Except... it wasn’t just that.
Something else was gnawing at him.
He scanned the room, his eyes darting frantically toward every doorway, every shadow. He was looking for a specific silhouette. He wanted to see Zarius. It wasn’t just a want, it was a desperate, clawing hunger that felt entirely too big for his chest. He wanted to see the Duke’s handsome, stoic face. He wanted to feel that presence that somehow made the rest of the world feel quiet.
But Zarius was nowhere to be found. Word was he’d been buried in reports, coordinating the final troop movements and the transition to the winter schedule. He was busy. He was always busy.
Just one look, Cherion thought, his heart thudding a frantic, uneven rhythm against his ribs. Just to know he’s there.
The heat in his body spiked suddenly, a sharp, white-hot flash that made his knees buckle for a split second. He grabbed the pillar, his knuckles turning a ghostly white against the dark stone. He reached up, touching his forehead with a trembling hand.

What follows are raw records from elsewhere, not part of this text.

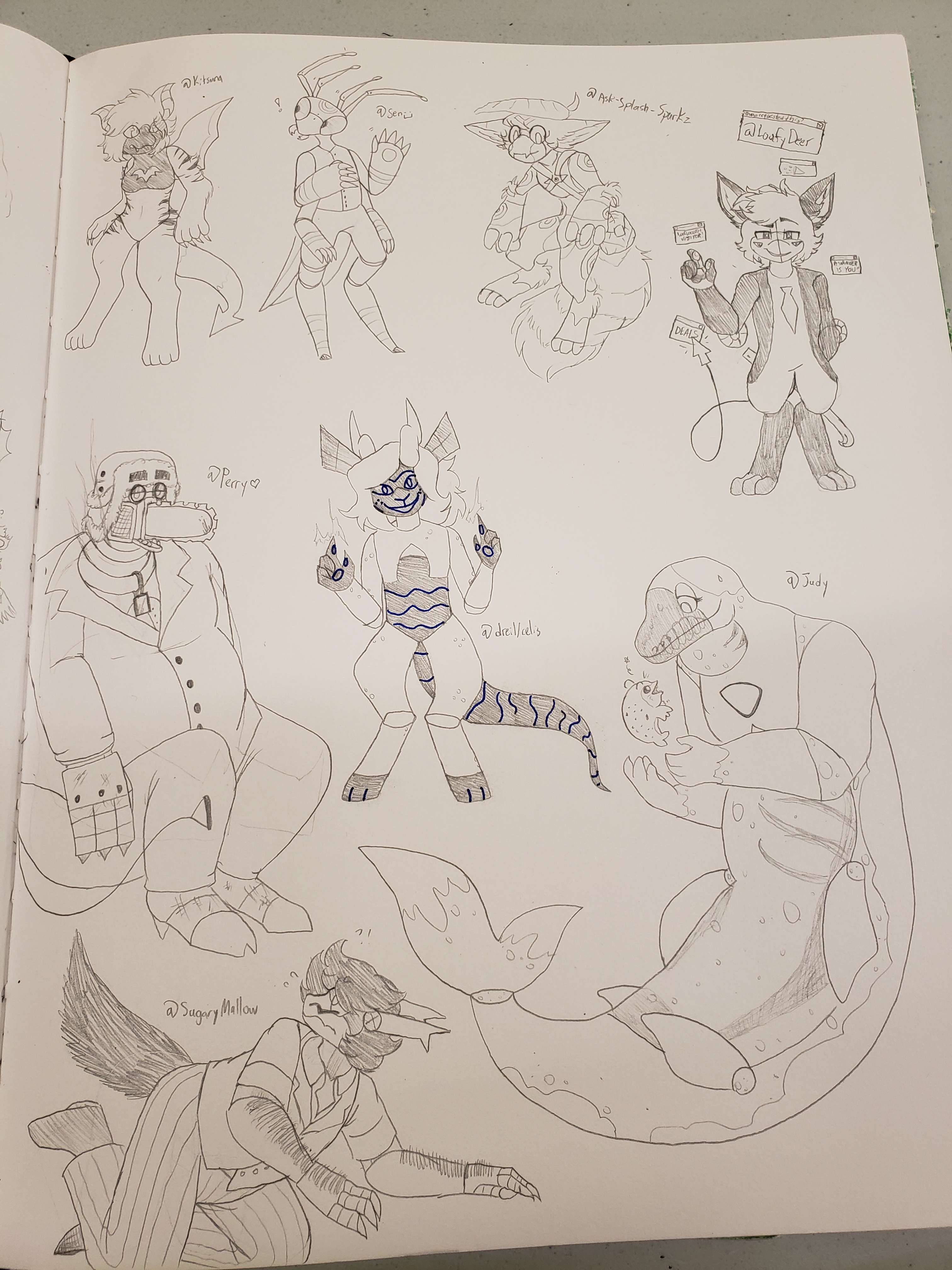 What better to do with a blank sketchbook page than fill it with gift art? Each bot was primarily sourced from the seeking gift art channel from the Discord. Thank you to everyone who provided me with one!
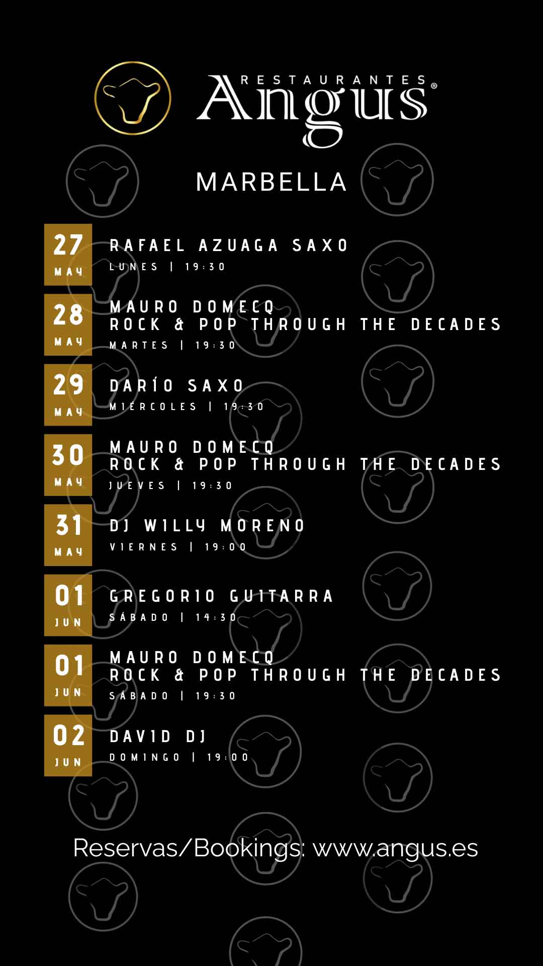 Aquí está nuestra nueva programación musical para esta semana. ¿Buscas los mejores filetes y cócteles de Marbella? No busque más allá de ANGUS. Estamos abiertos 7 días a la semana, con música en vivo y DJs durante toda la semana. Traiga a toda la familia para una experiencia gastronómica inolvidable.
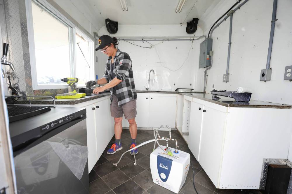 RUTH BONNEVILLE / WINNIPEG FREE PRESS Stephen Kang is in the process of retrofitting a trailer for his Prairie Solar Cafe food truck, which he hopes to get rolling by summer’s end.
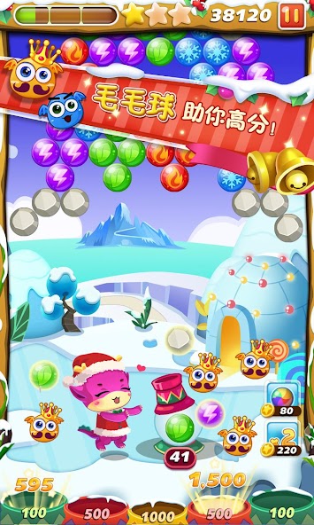 3.Clear all the bubbles on the screen to level up,and try to get 3 stars on each level.

His palm felt like a block of ice. His skin felt like a furnace.
"Suck," he hissed under his breath, a small, hysterical laugh bubbling up in his throat. "Okay. So we’ve moved from ’under the weather’ to ’actual fever.’ Fantastic timing, Cherion. Really top-tier planning."
He took a long, shaky breath, trying to force the dizziness back into the corners of his mind. He couldn’t be sick.
He straightened his tunic, pushed himself away from the pillar, and ignored the way the floor seemed to move like the deck of a ship.
"I’m fine," he whispered to the empty air, the words sounding more like a prayer than a statement. "I’m just a little tired. That’s all."